De verdiepingenhoge entree geeft goed zicht op hoe het gebouw in elkaar zit. Constructief, omdat de dragende kolommen zo veel mogelijk in het zicht zijn gelaten, en qua routing, omdat de hal trap en verdiepingslounges direct aan de hoge hal grenzen. De kopse kanten van het kantoordeel zijn geheel van glas en er is zicht van de ene naar de andere kant, wat het makkelijk maakt om je te oriënteren. Binnen is de constructie is grotendeels zichtbaar passend bij het no-nonsense-karakter van het gebouw. Met strak laswerk en slimme, zorgvuldig gedetailleerde knopen is verdere afwerking onnodig; wat bespaart op materiaal en arbeid tijdens de bouw.

De oplopende taluds dragen samen met verhoogde trottoirbanden aan de achter gelegen entreezijde op een ontspannen landschappelijke ingepaste manier bij aan de vereiste beveiliging van het gebouw.

De laagbouw heeft een volledig vrije overspanning.

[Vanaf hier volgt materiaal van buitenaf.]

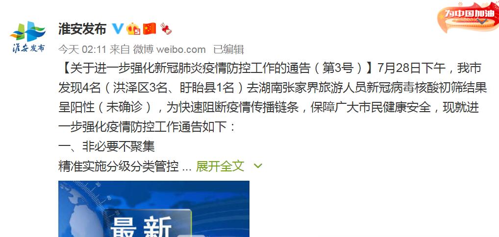 据“淮安发布”微博消息,淮安市新冠肺炎疫情联防联控工作指挥部办公室发布通告称,7月28日下午,淮安市发现4名(洪泽区3名、盱眙县1名)去湖南张家界(000430,股吧)旅游人员新冠病毒核酸初筛结果呈阳性(未确诊),为快速阻断疫情传播链条,保障广大市民健康安全,现就进一步强化疫情防控工作通告如下: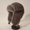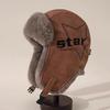 American Pilot Hat Men's and Women's Winter Velvet Thickened Warm Cycling Ear Protection Hat Retro Pu Leather Hat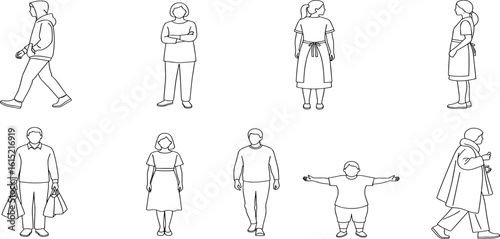 CAD Drawing. Vector illustration of men, women, standing, walking in front back and side view. Symbol for architecture and landscape design drawing.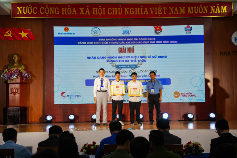 Nhóm nghiên cứu đã ứng dụng công nghệ trí tuệ nhân tạo (AI) vào việc nhận dạng ngôn ngữ ký hiệu, giúp hỗ trợ người khiếm thính trong giao tiếp và hòa nhập cộng đồng. Đề tài này không chỉ mang tính ứng dụng cao, mà còn thể hiện giá trị nhân văn sâu sắc. Nhóm đã xây dựng một bộ dữ liệu ngôn ngữ ký hiệu tiếng Việt với hơn 18.000 video ký hiệu, kết hợp giữa hình ảnh màu (RGB) và dữ liệu độ sâu (Depth). Mô hình học sâu đề xuất đã đạt được độ chính xác trên 80% trong môi trường thí nghiệm, vượt trội so với các mô hình trước đó trên bộ dữ liệu của nhóm và hứa hẹn ứng dụng rộng rãi trong thực tiễn.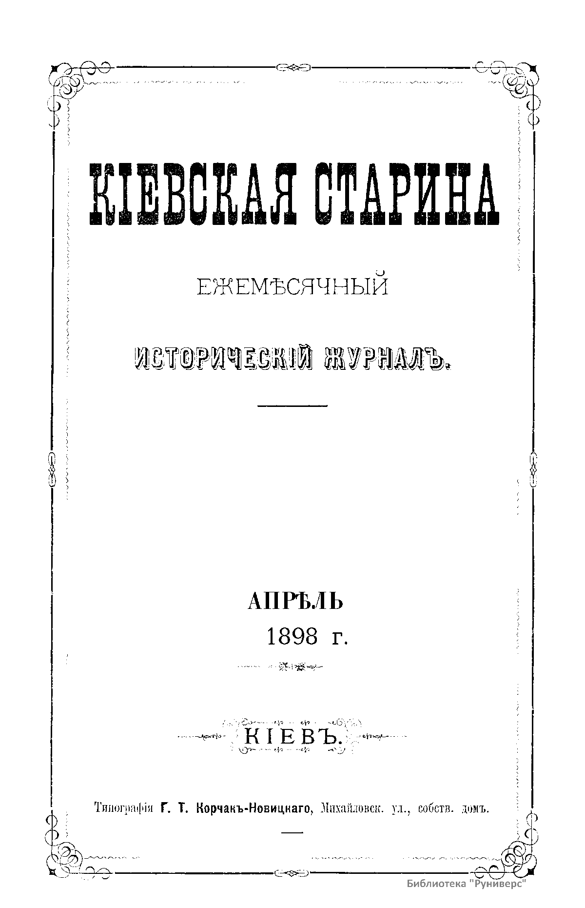 Кiевская старина. Годъ семнадцатый. Томъ LXI. Апрѣль-Iюнь 1898 г.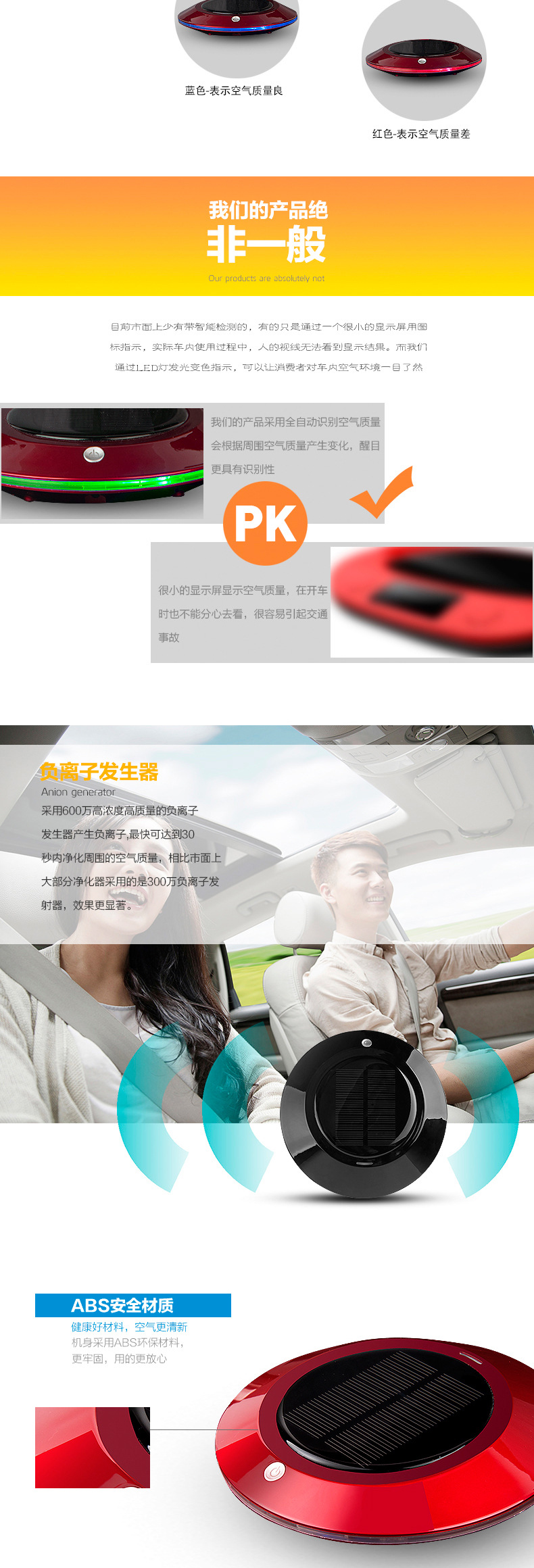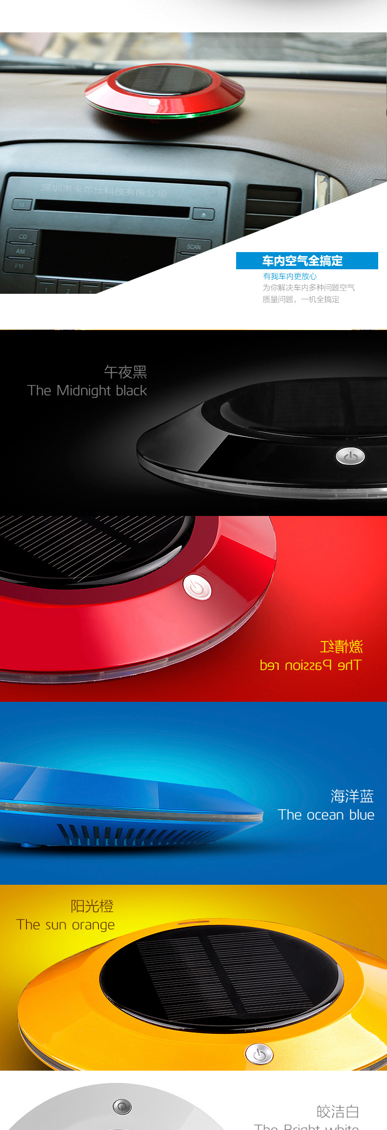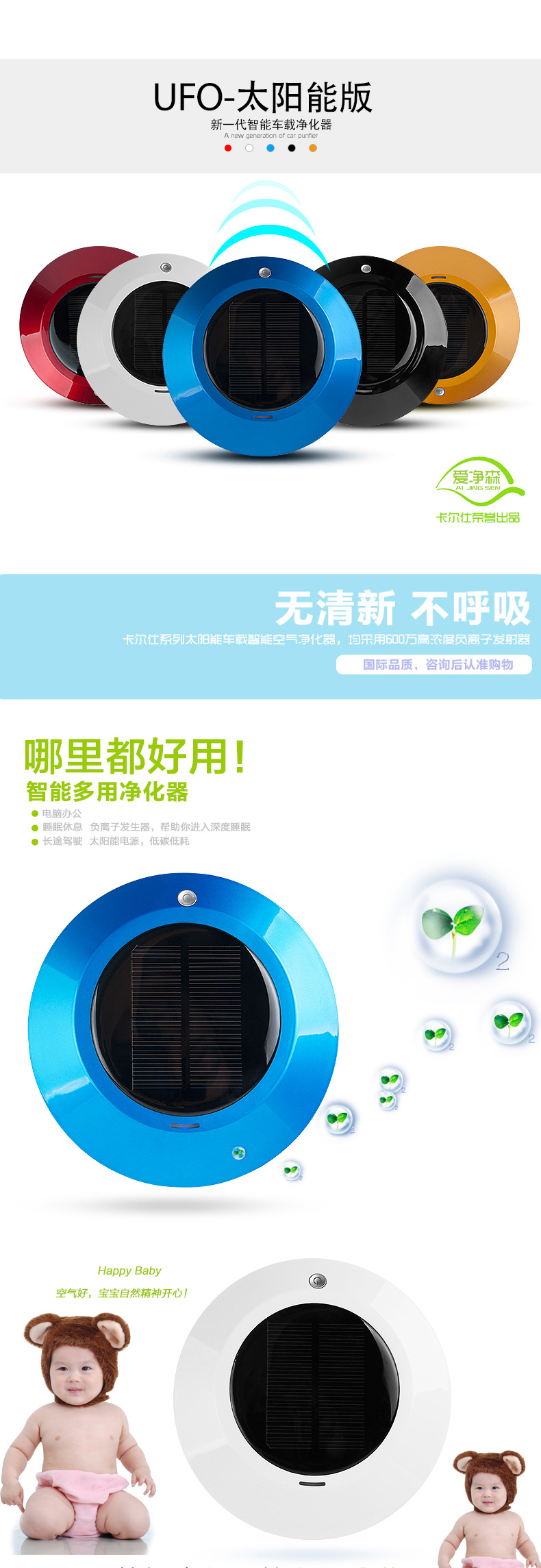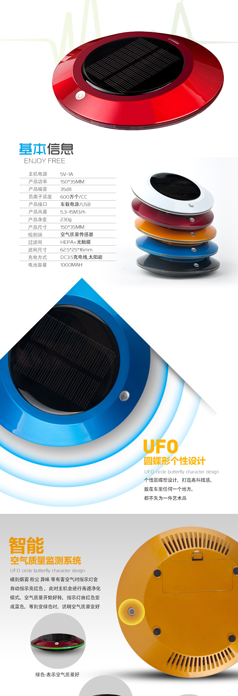 本款产品为全智能自动监测空气质量,根据空气质量优劣自动工作,大功率太阳能供电系统及 DC5V2套供电智能转换.LEDF放光显示,超大空气循环,净化洁净空气,杀灭病菌生态式根源脑保健,促进新陈代谢,调节神经机能,达到消除疲劳,缓解精神压力和急躁情绪等功效。让你的爱车,居室和办公室24小时清爽舒适。也有效保障了你的健康。

Hier zit de meldkamer gevestigd, waar de telefoontjes binnenkomen en worden verwerkt. Het atrium bevat een mix van ontmoetings- en aanlandwerkplekken en verbindt de begane grond met de bovenste verdieping. De bovenbouw is voorzien van kantoor-en vergaderruimtes. Bij de uitkragingen is het bovenste deel ook volledig kolomvrij. Daarmee zijn de indeling en het gebruik optimaal flexibel.

Duurzaamheid

De duurzaamheidsaspecten zijn benoemd bij de projectinformatie.